Task prompt: Quote every line of the data below as it stands, omitting pictures.

Given entries:
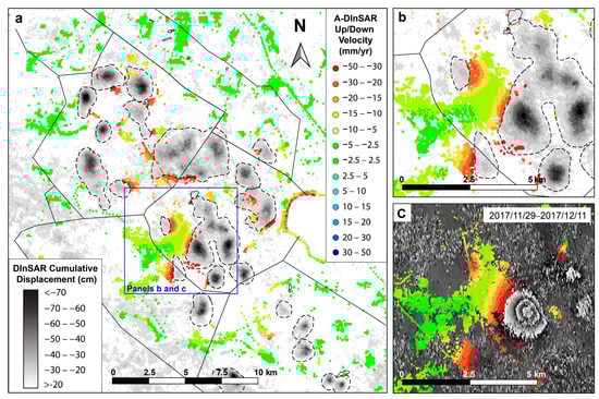 In Figure 9, the complementarity between the two different SAR interferometry techniques (A-DInSAR and DInSAR) is highlighted: colored points represent the PSs in an up-down direction and the black and white image represents the cumulative DInSAR displacement map of Figure 7 in shades of gray. In Figure 9c, it is worth noting that in the areas not covered by PSs, several sub-circular or ellipsoidal fringes occur. This is clear in Figure 9b where a subset of interferogram near Polkowice is shown: where the PSs are lacking, the interferogram shows ellipsoidal fringes, which correspond to the areas with the highest displacement rate. This residual subsidence located around the areas affected by intense deformation is well mapped by PSs distribution and decreases gradually by up to 1.5 mm/year (considered as a stability threshold) about 1.5 km away from the center of the subsidence troughs.
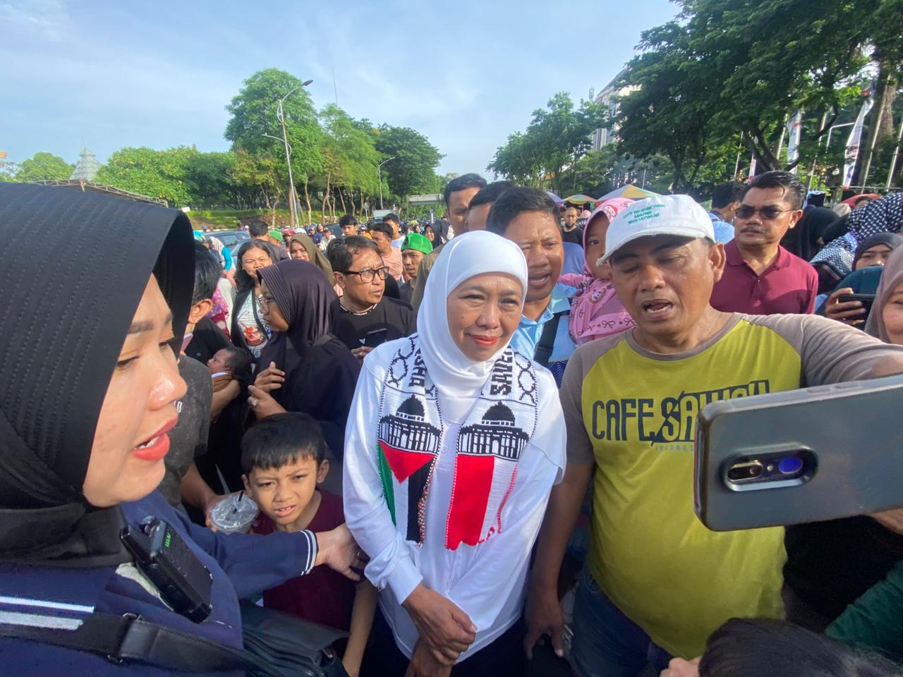 Kemudian Khofifah juga turut mendoakan saudara-saudara di Palestina yang masih berada di pengungsian agar selalu diberi keselamatan dan perlindungan.
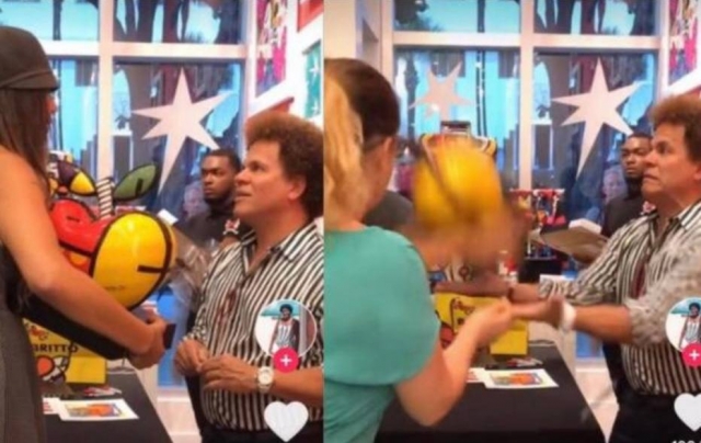 Um vídeo de uma mulher quebrando uma obra de Romero Britto na frente do artista plástico brasileiro, em seu próprio ateliê, em Miami, nos Estados Unidos, viralizou nas redes sociais, na madrugada desta sexta-feira, 14.
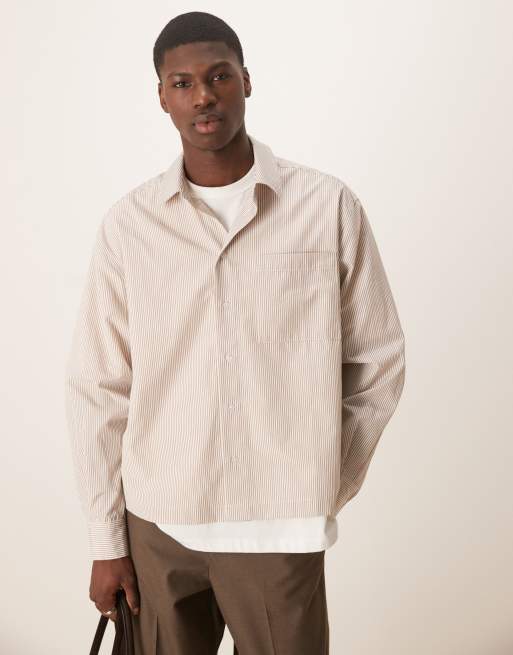ASOS DESIGN - Beige skjorte med striber i oversized og firkantet pasform
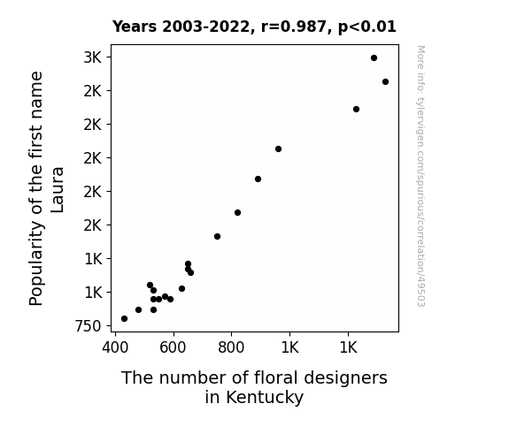 This means 97.5% of the change in the one variable (i.e., The number of floral designers in Kentucky) is predictable based on the change in the other (i.e., Popularity of the first name Laura) over the 20 years from 2003 through 2022.
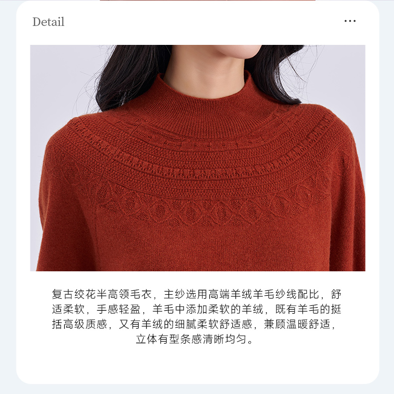 乔万尼2025冬新品复古费尔岛绞花半高领保暖羊毛羊绒混纺打底衫ED4M812

The completed task:
 In Figure 9, the complementarity between the two different SAR interferometry techniques (A-DInSAR and DInSAR) is highlighted: colored points represent the PSs in an up-down direction and the black and white image represents the cumulative DInSAR displacement map of Figure 7 in shades of gray. In Figure 9c, it is worth noting that in the areas not covered by PSs, several sub-circular or ellipsoidal fringes occur. This is clear in Figure 9b where a subset of interferogram near Polkowice is shown: where the PSs are lacking, the interferogram shows ellipsoidal fringes, which correspond to the areas with the highest displacement rate. This residual subsidence located around the areas affected by intense deformation is well mapped by PSs distribution and decreases gradually by up to 1.5 mm/year (considered as a stability threshold) about 1.5 km away from the center of the subsidence troughs.
 Kemudian Khofifah juga turut mendoakan saudara-saudara di Palestina yang masih berada di pengungsian agar selalu diberi keselamatan dan perlindungan.
 Um vídeo de uma mulher quebrando uma obra de Romero Britto na frente do artista plástico brasileiro, em seu próprio ateliê, em Miami, nos Estados Unidos, viralizou nas redes sociais, na madrugada desta sexta-feira, 14.
ASOS DESIGN - Beige skjorte med striber i oversized og firkantet pasform
 This means 97.5% of the change in the one variable (i.e., The number of floral designers in Kentucky) is predictable based on the change in the other (i.e., Popularity of the first name Laura) over the 20 years from 2003 through 2022.
 乔万尼2025冬新品复古费尔岛绞花半高领保暖羊毛羊绒混纺打底衫ED4M812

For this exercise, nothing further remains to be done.